While these technologies have become increasingly advanced over the past few years, most of them exhibit limited energy efficiencies, inference accuracies, and battery lifetimes. Non-volatile computing-in-memory (nvCIM) architectures, an emerging class of approaches that minimize the movement of data between processors and memory components, could help to significantly reduce the latency and energy consumption associated with complex AI computations.

Researchers at the Taiwan Semiconductor Manufacturing Company (TSMC) recently developed a new four-megabit (4Mb) nvCIM approach that could help to improve the overall performance of edge AI devices. Their proposed architecture, presented in a paper published in Nature Electronics, combines memory cells with peripheral circuitry based on complementary metal-oxide semiconductor (CMOS) technology.

"The computing latency and energy consumption of neural networks operating for AI applications using conventional von Neumann computing architectures are dominated by the movement of data between the processing element and memory, creating a performance bottleneck known as the memory wall," Meng-Fan Chang, one of the researchers who carried out the study, told TechXplore. "NvCIM may help to overcome the memory-wall bottleneck for battery-powered AI edge devices by allowing analog operations for vector-matrix multiplication, which is the major computing operation in the neural network during the inference stage."

NvCIM architectures can significantly reduce the amount of data that is transferred between processors and memories in AI edge devices, particularly while the devices are performing inference and power-on operations on-chip. This can in turn lead to better energy efficiencies and extended battery lifetimes.

Chang and his colleagues have been developing computing-in-memory (CIM) devices for almost 10 years. In their past studies, they used a variety of different memory components, including SRAM, STT-MRAM, PCM, ReRAM, and NAND-Flash, to assess the resulting performance.

"Over the past five years, we presented 40 papers related to CIM at top Microelectronics conferences (ISSCC, IEDM and DAC)," Chang explained. "Our recent work builds on our long-term research on CIM, which outlined technical background of memory circuit design, the system-level chip design of neural networks, and AI algorithms."

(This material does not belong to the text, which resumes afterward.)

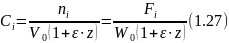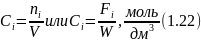 Концентрация соответственно для периодических и непрерывных процессов определяется как отношение мольного количества (мольного потока) вещества к объему V (л или м3) или к объемному потоку W (л/час или м3/час), в котором равномерно распределено данное вещество:

The new 4Mb nvCIM architecture created by the researchers is based on 22-nm-foundry resistive random-access memory (ReRAM) devices, also known as memristors. Remarkably, Chang and his colleagues found that it can perform high-precision dot-product operations involving an 8-bit input, 8-bit weight and 14-bit output with little latency and high energy efficiencies.

"We developed a hardware-based input-shaping circuit, using software-hardware co-design methods to improve energy efficiency without degrading the system-level inference accuracy," Chang said. "To reduce computing latency and improve readout accuracy, we develop an asymmetrically modulated input-and-calibration (AMIC) scheme."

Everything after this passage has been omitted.